漢字検定協会の事件のその後

財団法人日本漢字能力検定協会の前理事長が逮捕された事件の後、漢字検定の受検希望者からの申し込みを受け付けている学習塾や書店では困惑が広がっているそうです。

 

事件後の漢字検定について、文科科学省が協会に示唆したという延期や中止が現実になったとしたなら、受検料を返還しなければならないなど事務の混乱が起こるのを心配する声が多い。また、日本漢字能力検定協会の儲けの片棒を担ぐのか、などと保護者からの批判を受けて受け付けを取りやめた学習塾もあったそうです。

 

協会は2年前に検定料金を下げましたが、値下げ後に文部科学省から引き下げ幅が不十分として、2度に渡って引き下げの指導を受けていました。
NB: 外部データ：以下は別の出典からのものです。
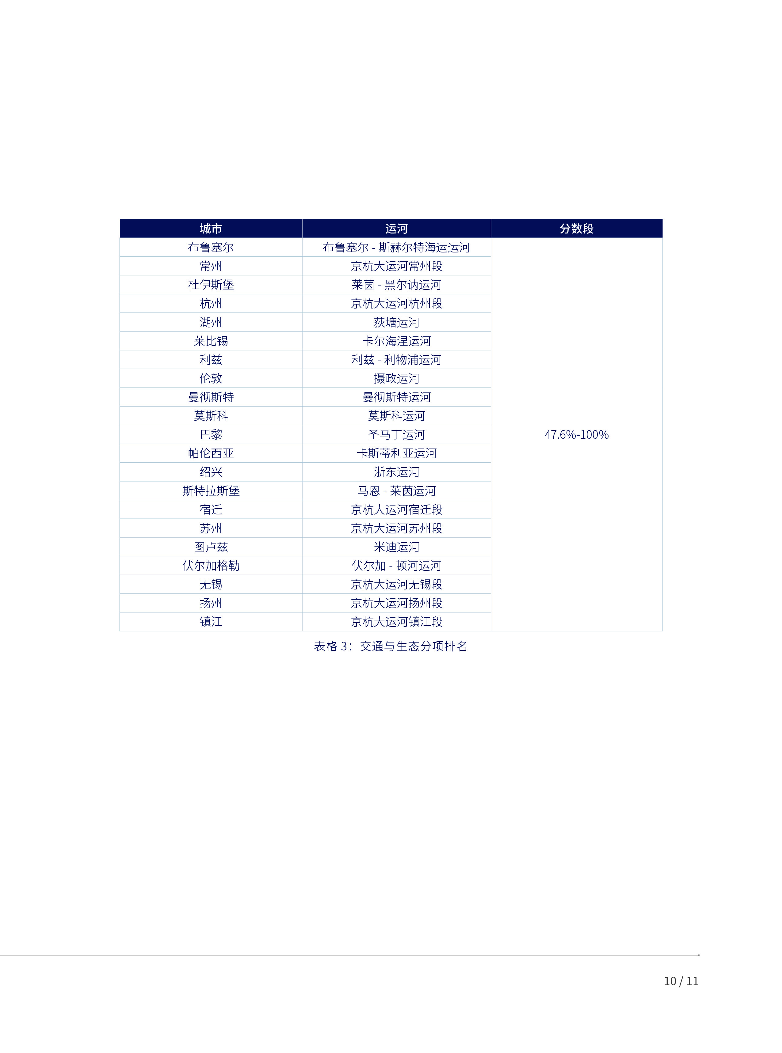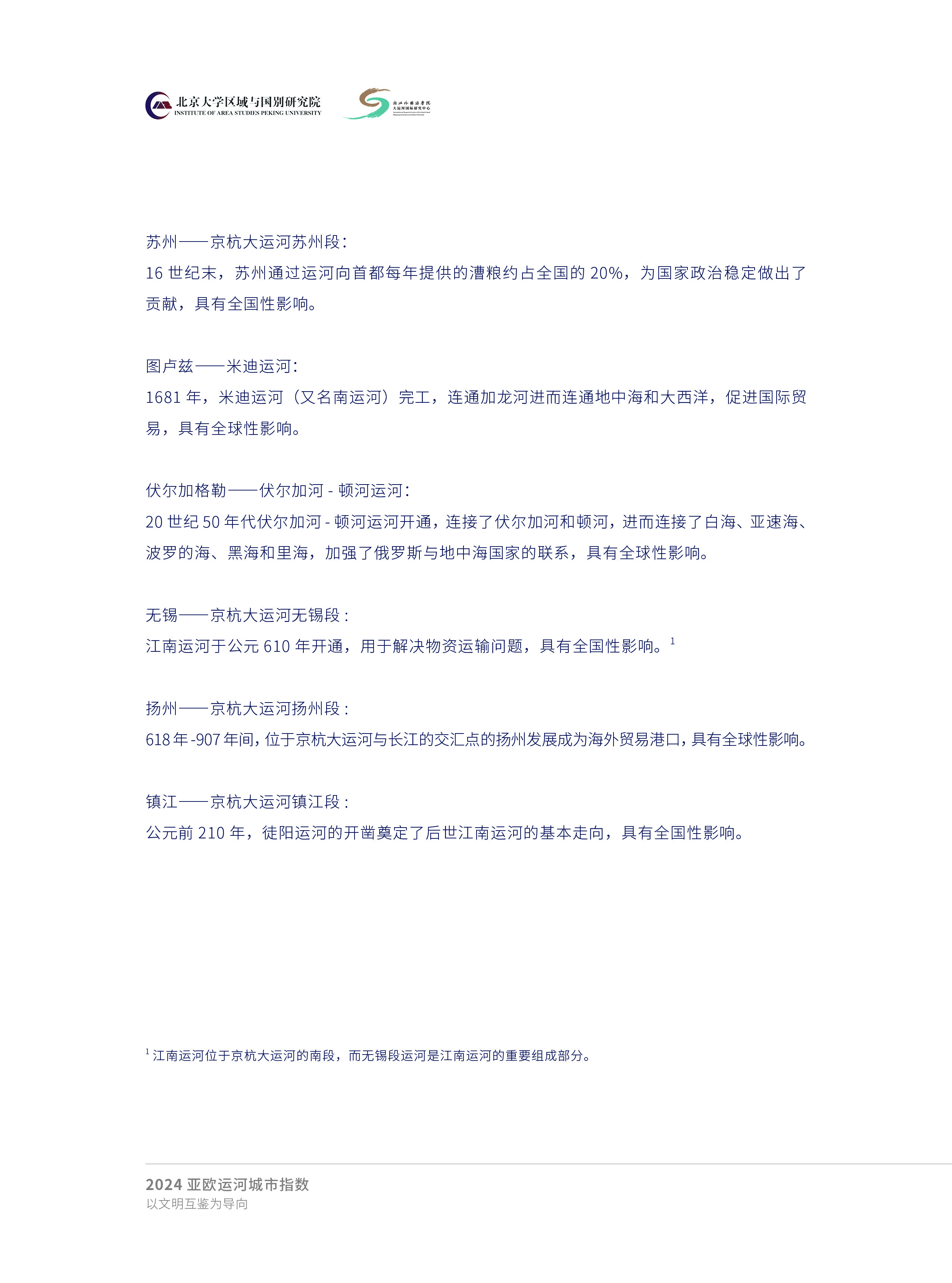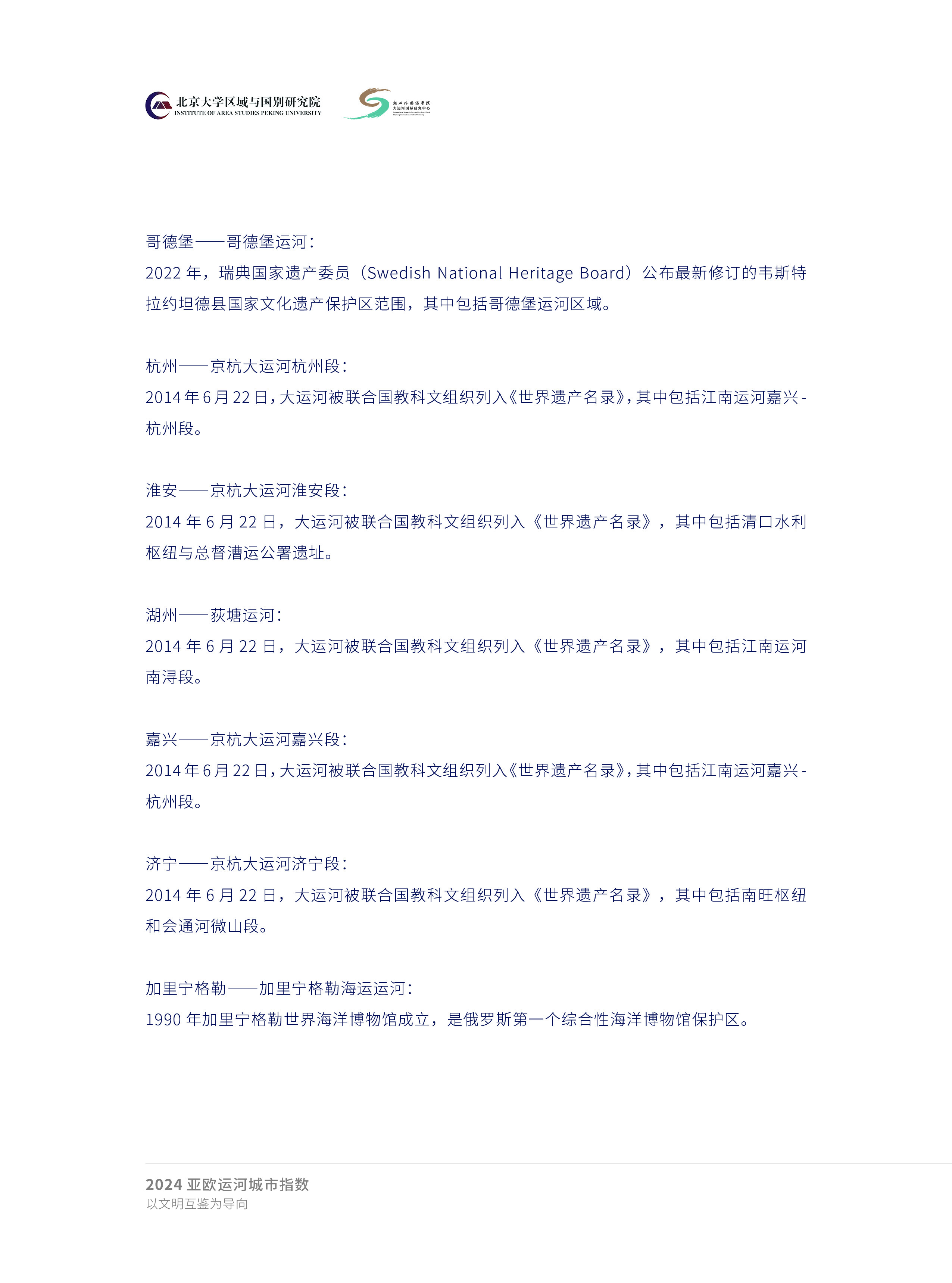本报告以“尊重各文明成果,以评价促进文明交流互鉴”为指引,基于运河城市重大历史事件、文旅资源、交通和环境等多元对象,构建包括文化旅游、地理区位和生态环境在内的多学科全球运河城市评估体系,并对42个亚欧运河城市展开评估。评估结果显示,淮安、嘉兴、无锡、扬州、杭州、绍兴、苏州等中国浙江和江苏沿线运河城市表现突出。这与它们兴盛至今的货运航行、文旅产业密切相关。在生态维度上,欧洲运河城市整体领先,呈现出“各美其美、美美与共”的全球多样性格局。

しかし、この指導に対し大久保昇前理事長は「他の検定料金に比べでも高くない」という理由で値下げを一切しなかったといいます。

 

事件のその後、漢字検定の受験者が急激に減少し、信頼回復に努めてきた協会は2009年6月からの検定料金を級によって100円から500円の値下げをする事に決定しました。この値下げの影響で、検定事業は約11億円の赤字になるそうですが、コスト削減に努める事で対応していく方針との事です。

 

漢字検定を受検しようと考えていた方で、事件以来どうしようかと悩んでいた方には朗報かもしれません。信頼回復の面では、事件関係者は一掃され新しいメンバーで運営をしているそうです。文科科学省の目も光っていると思いますので、同じ様な事件は今後起こらないと言えるのではないでしょうか。